> _WHAT IS REQUIRED_: Set every entry down again exactly, excluding any pictures.

Extracted records
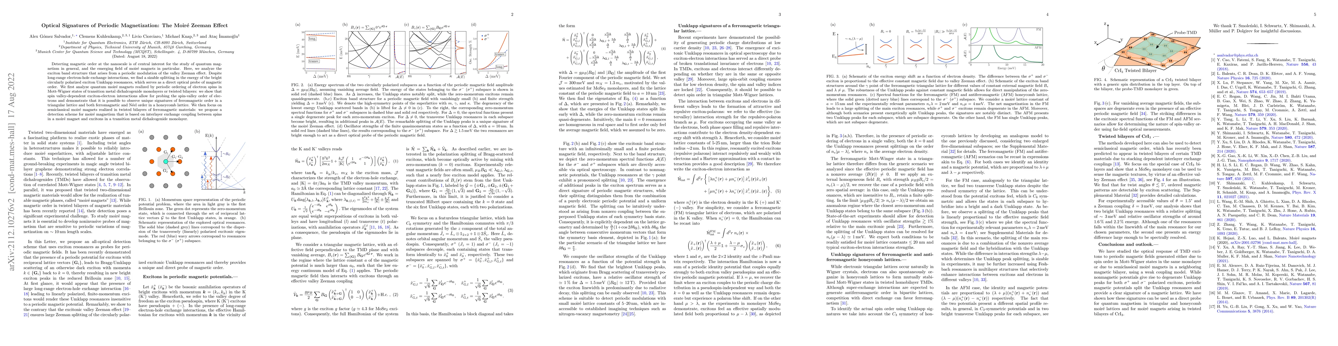 This paper investigates the optical signatures of periodic magnetization in moiré magnets, revealing a significant splitting in the energy of bright circularly-polarized exciton Umklapp resonances as a direct optical probe of magnetic order. It demonstrates unique signatures of magnetic order in triangular and honeycomb lattices, proposing a detection scheme based on inter-layer exchange coupling in twisted bilayers.
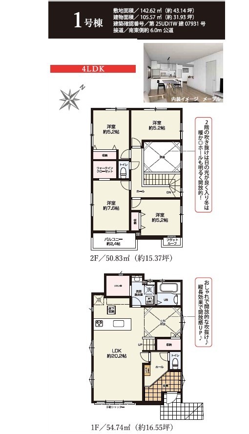 | 間取 | 4LDK (LDK20.2帖、洋室7.6帖、洋室5.2帖、洋室5.2帖、洋室5.2帖) | ||
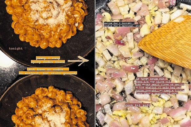 Manekenka Gigi Hadid, ki ima več milijonov sledilcev na družabnih omrežjih ima rada kuhanje in objavlja recepte na spletu. Med zadnjimi so bile testenine z omako, v kateri je tudi vodka.
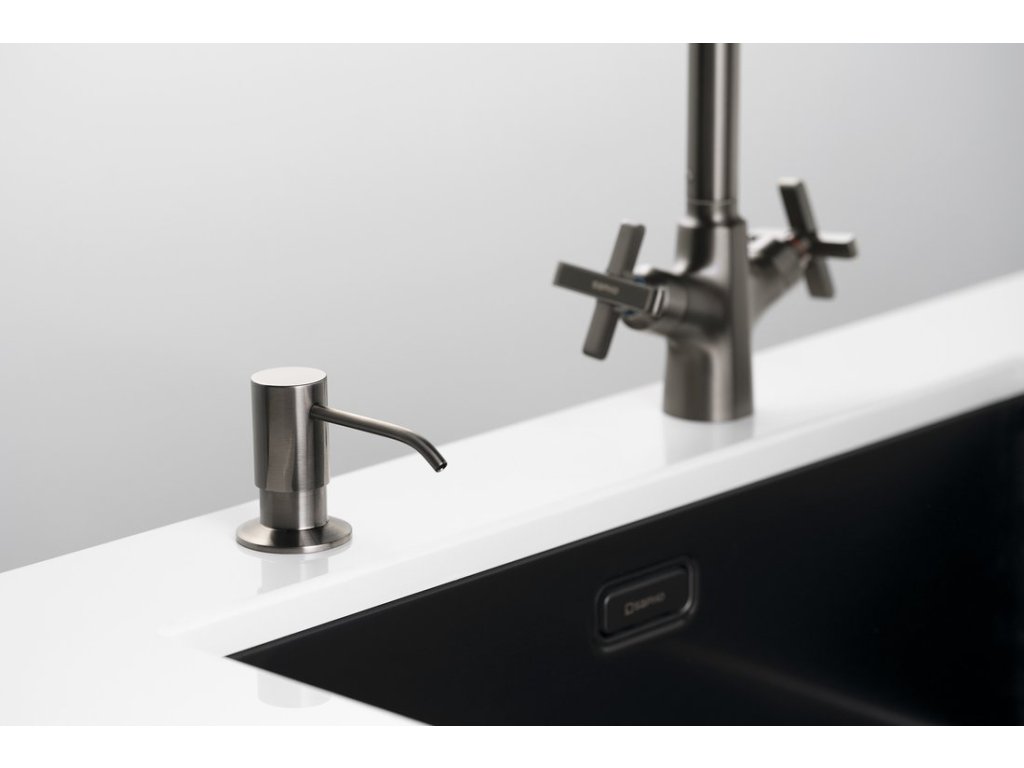 Zápustný dávkovač mýdla a saponátu s možností instalace do umyvadla místo stojánkové baterie, nebo do desky vedle umyvadla či dřezu.
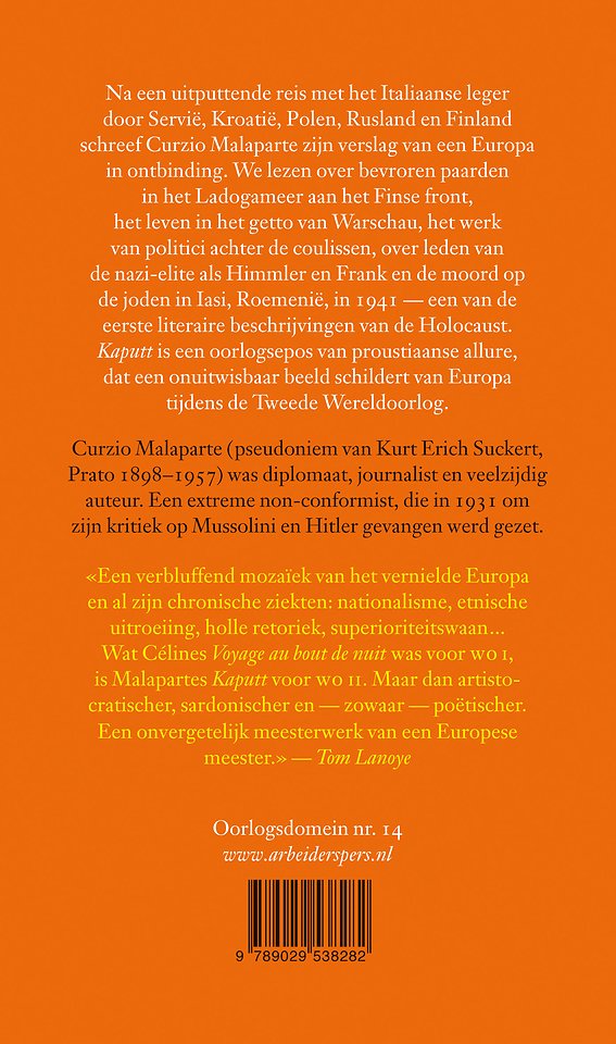 Na een uitputtende reis met het Italiaanse leger door Servië, Kroatië, Polen, Rusland en Finland schreef Curzio Malaparte zijn verslag van een Europa in ontbinding. We lezen over bevroren paarden in het Ladogameer aan het Finse front, het leven in het getto van Warschau, het werk van politici achter de coulissen, over leden van de nazi-elite en over de grootscheepse moord op de Joden in Iasi, Roemenië, in 1941 – een van de eerste literaire beschrijvingen van de Holocaust. Kaputt is een oorlogsepos van proustiaanse allure dat een verbluffend beeld schildert van Europa tijdens de Tweede Wereldoorlog.

> _SOLUTION TO THE EXERCISE_:
 This paper investigates the optical signatures of periodic magnetization in moiré magnets, revealing a significant splitting in the energy of bright circularly-polarized exciton Umklapp resonances as a direct optical probe of magnetic order. It demonstrates unique signatures of magnetic order in triangular and honeycomb lattices, proposing a detection scheme based on inter-layer exchange coupling in twisted bilayers.
 | 間取 | 4LDK (LDK20.2帖、洋室7.6帖、洋室5.2帖、洋室5.2帖、洋室5.2帖) | ||
 Manekenka Gigi Hadid, ki ima več milijonov sledilcev na družabnih omrežjih ima rada kuhanje in objavlja recepte na spletu. Med zadnjimi so bile testenine z omako, v kateri je tudi vodka.
 Zápustný dávkovač mýdla a saponátu s možností instalace do umyvadla místo stojánkové baterie, nebo do desky vedle umyvadla či dřezu.
 Na een uitputtende reis met het Italiaanse leger door Servië, Kroatië, Polen, Rusland en Finland schreef Curzio Malaparte zijn verslag van een Europa in ontbinding. We lezen over bevroren paarden in het Ladogameer aan het Finse front, het leven in het getto van Warschau, het werk van politici achter de coulissen, over leden van de nazi-elite en over de grootscheepse moord op de Joden in Iasi, Roemenië, in 1941 – een van de eerste literaire beschrijvingen van de Holocaust. Kaputt is een oorlogsepos van proustiaanse allure dat een verbluffend beeld schildert van Europa tijdens de Tweede Wereldoorlog.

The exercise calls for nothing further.